All of the data below should come back exactly as written, minus its images.
== Extracted information ==
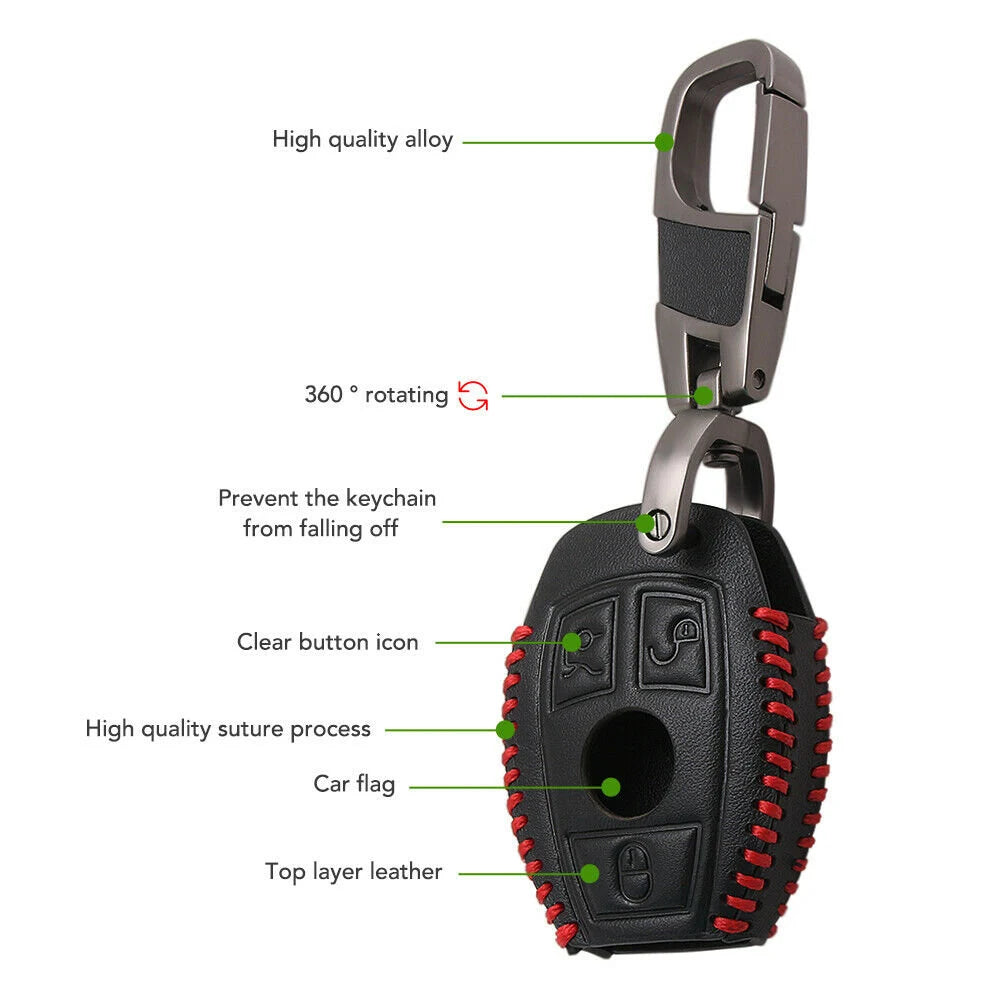 Car Black Leather Remote Key Fob Cover Case For Mercedes Benz AMG W203 W210 W211
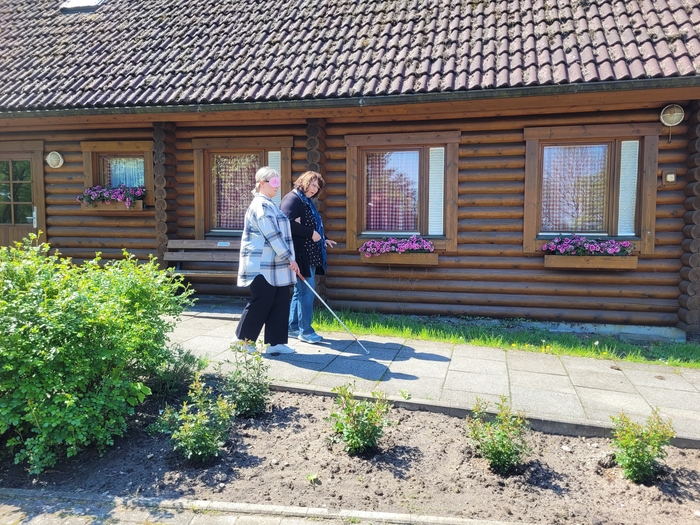 Am 13. Mai 2023 luden wir, ein kleines Team der FEB, zu einer ganztägigen Fortbildung für Fachkräfte in die Räume der „Hollager Mühle“ in Osnabrück ein. Unsere Gäste sollten die Möglichkeit bekommen unter der Augenbinde bzw. unter der Simulationsbrille eigene Erfahrungen zu machen. Unser Ziel war, dass die teilnehmenden Personen, die von ihnen betreuten Kinder besser verstehen und betreuen können. Dazu bauten wir verschiedene Stationen (Thementische) auf, bei denen es etwas zu tasten, riechen, schmecken und natürlich auch zu sehen gab. An den Stationen ging es darum, bestimmte Aufgaben zu bewältigen, z. B. ein Spiel tastend zu spielen. Jeweils zu zweit konnten sie mit Augenbinde und Langstock das Gelände erkunden. Das Gelände der „Hollager Mühle“ besteht aus Wegen, Wiesen und Gestrüpp. Es gibt Steigungen und Senkungen, auch Teiche mit Brücken. Die Orientierung unter der Augenbinde mit Langstock ist unter diesen Bedingungen nicht einfach. Deswegen sollte immer eine Person ohne Augenbinde auf die andere aufpassen.
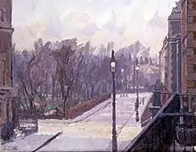 Gore's painting Richmond Park, thought to have been painted in the autumn of 1913 or shortly before the artist's death in March 1914, was exhibited at the Paterson and Carfax Gallery[9] in 1920. In 1939 it was exhibited in Warsaw, Helsingfors and Stockholm by the British Council as Group of Trees.[10] It is now in the collection of the Tate Gallery under its original title but is not currently on display.[10] It is not certain where in the park the picture was made but a row of trees close to the pond near Cambrian Gate has a very close resemblance to those in the painting.[11] Another Gore painting, with the same title (Richmond Park), painted in 1914, is at the Ashmolean Museum. His painting Wood in Richmond Park is in the Birmingham Art Gallery's collection.[12]
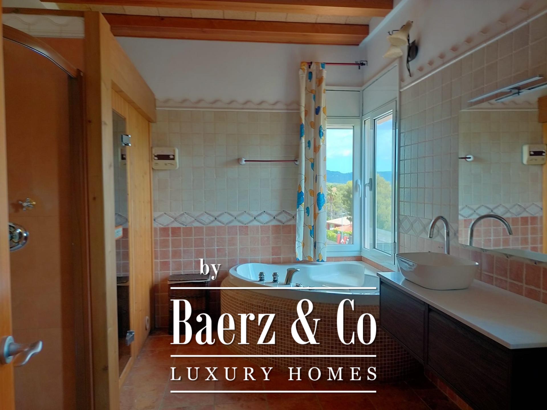 Sant Pere de Ribes别墅静谧坐落于尊贵的Els Cards住宅区,位于锡切斯与Sant Pere de Ribes之间,私密性与全景视野贯穿每一生活时刻。这栋五卧室三卫浴别墅将传统西班牙建筑风格与现代精致优雅完美融合。新近翻新的内部空间保留了诸如拱门和自然质感等原始细节,同时融入流畅的现代线条和温暖色调。开放式主层布局将厨房、餐厅和起居空间无缝贯通,两侧窗户带来充足阳光。标志性壁炉是客厅的核心,全年都是温馨聚会的理想场所。
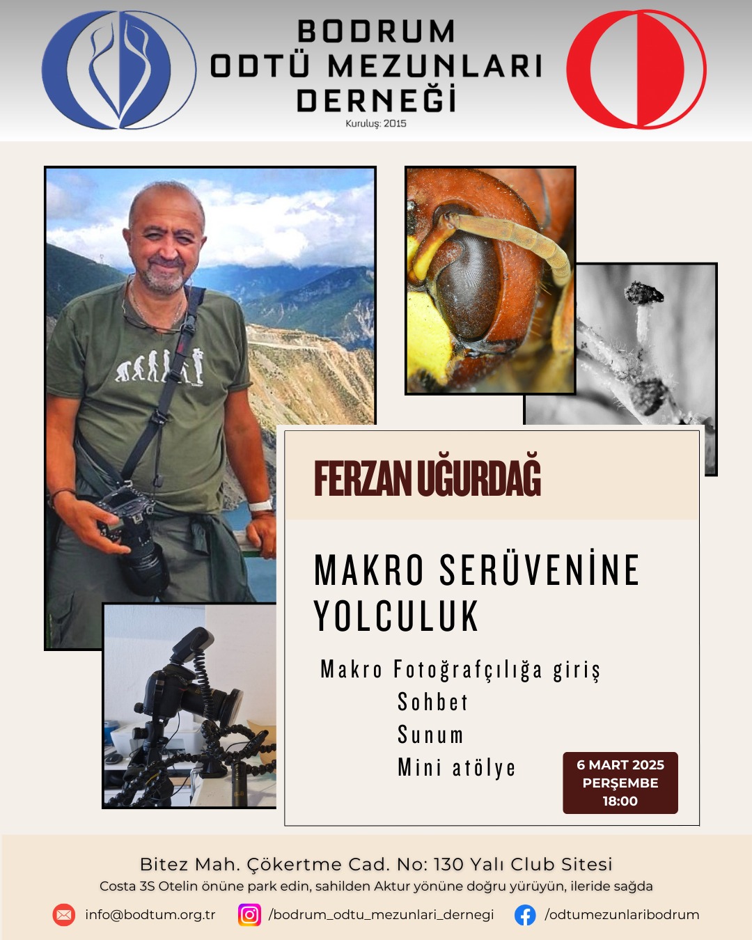 Fotoğraf sanatçısı Ferzan Uğurdağ ve eşi Zeynep Uğurdağ’ın katıldığı söyleşide makro fotoğrafçılık için gerekli tüm ekipmanları tanıdık ve gördük. Çok özel bir ilgi alanı olduğu için kalabalık değildik, ancak Ferzan hocanın sunumunda ilgilenen dostlarımız için çok aydınlatıcı bilgiler vardı.
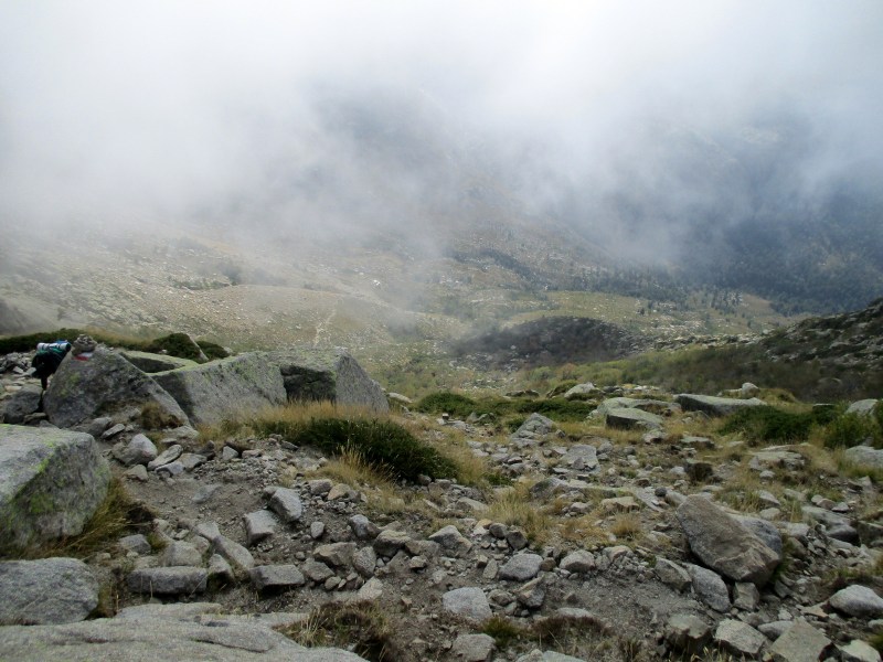 А погода начала портиться. Небо затянуло облаками, но обещанного дождя пока не было. С перевала в просвете облаков мы увидели наш рефьюж.Спуск  действительно был убийственный — длинный, скальный и очень крутой. 500 метров по вертикали. Сейчас, изучив карты и диаграммы, могу с уверенностью сказать, что это был самый крутой спуск на всём GR 20.
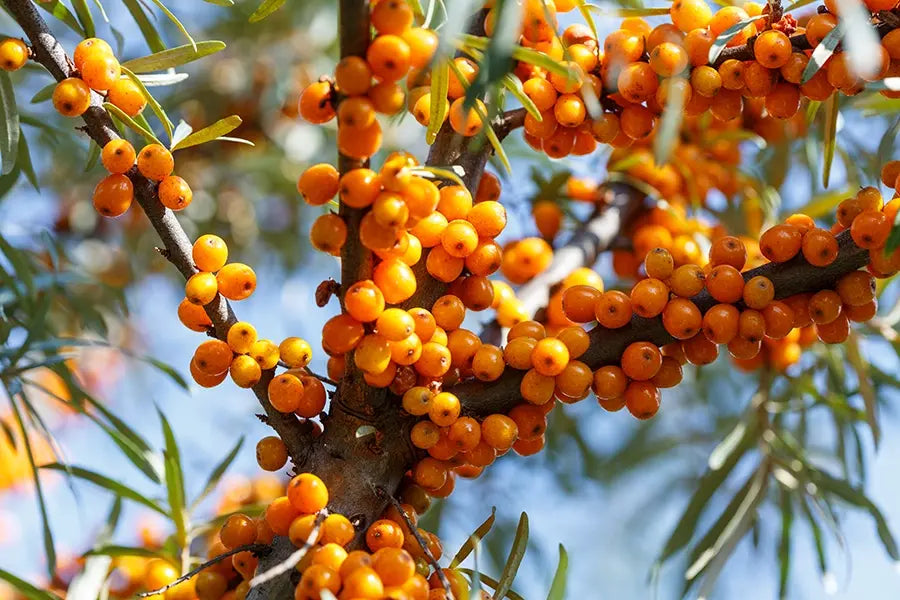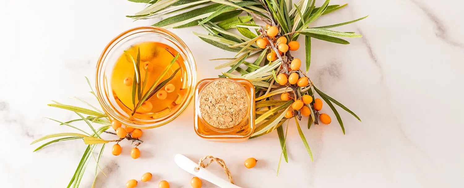 Darüber hinaus enthält Sanddorn auch Vitamin E, das die Haut mit Feuchtigkeit versorgt und dazu beiträgt, den natürlichen Feuchtigkeitsgehalt der Haut zu erhalten. Vitamin E wirkt auch als Schutzschild gegen Umweltschäden und beruhigt gereizte Haut.
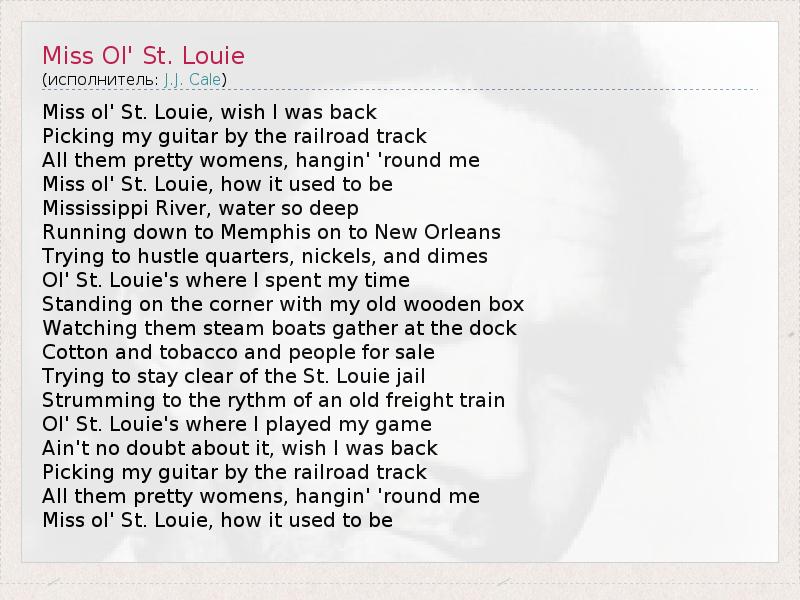 А как ты думаешь, о чем песня "Miss Ol' St. Louie" ?
===
Task response
 Car Black Leather Remote Key Fob Cover Case For Mercedes Benz AMG W203 W210 W211
 Am 13. Mai 2023 luden wir, ein kleines Team der FEB, zu einer ganztägigen Fortbildung für Fachkräfte in die Räume der „Hollager Mühle“ in Osnabrück ein. Unsere Gäste sollten die Möglichkeit bekommen unter der Augenbinde bzw. unter der Simulationsbrille eigene Erfahrungen zu machen. Unser Ziel war, dass die teilnehmenden Personen, die von ihnen betreuten Kinder besser verstehen und betreuen können. Dazu bauten wir verschiedene Stationen (Thementische) auf, bei denen es etwas zu tasten, riechen, schmecken und natürlich auch zu sehen gab. An den Stationen ging es darum, bestimmte Aufgaben zu bewältigen, z. B. ein Spiel tastend zu spielen. Jeweils zu zweit konnten sie mit Augenbinde und Langstock das Gelände erkunden. Das Gelände der „Hollager Mühle“ besteht aus Wegen, Wiesen und Gestrüpp. Es gibt Steigungen und Senkungen, auch Teiche mit Brücken. Die Orientierung unter der Augenbinde mit Langstock ist unter diesen Bedingungen nicht einfach. Deswegen sollte immer eine Person ohne Augenbinde auf die andere aufpassen.
 Gore's painting Richmond Park, thought to have been painted in the autumn of 1913 or shortly before the artist's death in March 1914, was exhibited at the Paterson and Carfax Gallery[9] in 1920. In 1939 it was exhibited in Warsaw, Helsingfors and Stockholm by the British Council as Group of Trees.[10] It is now in the collection of the Tate Gallery under its original title but is not currently on display.[10] It is not certain where in the park the picture was made but a row of trees close to the pond near Cambrian Gate has a very close resemblance to those in the painting.[11] Another Gore painting, with the same title (Richmond Park), painted in 1914, is at the Ashmolean Museum. His painting Wood in Richmond Park is in the Birmingham Art Gallery's collection.[12]
 Sant Pere de Ribes别墅静谧坐落于尊贵的Els Cards住宅区,位于锡切斯与Sant Pere de Ribes之间,私密性与全景视野贯穿每一生活时刻。这栋五卧室三卫浴别墅将传统西班牙建筑风格与现代精致优雅完美融合。新近翻新的内部空间保留了诸如拱门和自然质感等原始细节,同时融入流畅的现代线条和温暖色调。开放式主层布局将厨房、餐厅和起居空间无缝贯通,两侧窗户带来充足阳光。标志性壁炉是客厅的核心,全年都是温馨聚会的理想场所。
 Fotoğraf sanatçısı Ferzan Uğurdağ ve eşi Zeynep Uğurdağ’ın katıldığı söyleşide makro fotoğrafçılık için gerekli tüm ekipmanları tanıdık ve gördük. Çok özel bir ilgi alanı olduğu için kalabalık değildik, ancak Ferzan hocanın sunumunda ilgilenen dostlarımız için çok aydınlatıcı bilgiler vardı.
 А погода начала портиться. Небо затянуло облаками, но обещанного дождя пока не было. С перевала в просвете облаков мы увидели наш рефьюж.Спуск  действительно был убийственный — длинный, скальный и очень крутой. 500 метров по вертикали. Сейчас, изучив карты и диаграммы, могу с уверенностью сказать, что это был самый крутой спуск на всём GR 20.
 Darüber hinaus enthält Sanddorn auch Vitamin E, das die Haut mit Feuchtigkeit versorgt und dazu beiträgt, den natürlichen Feuchtigkeitsgehalt der Haut zu erhalten. Vitamin E wirkt auch als Schutzschild gegen Umweltschäden und beruhigt gereizte Haut.
 А как ты думаешь, о чем песня "Miss Ol' St. Louie" ?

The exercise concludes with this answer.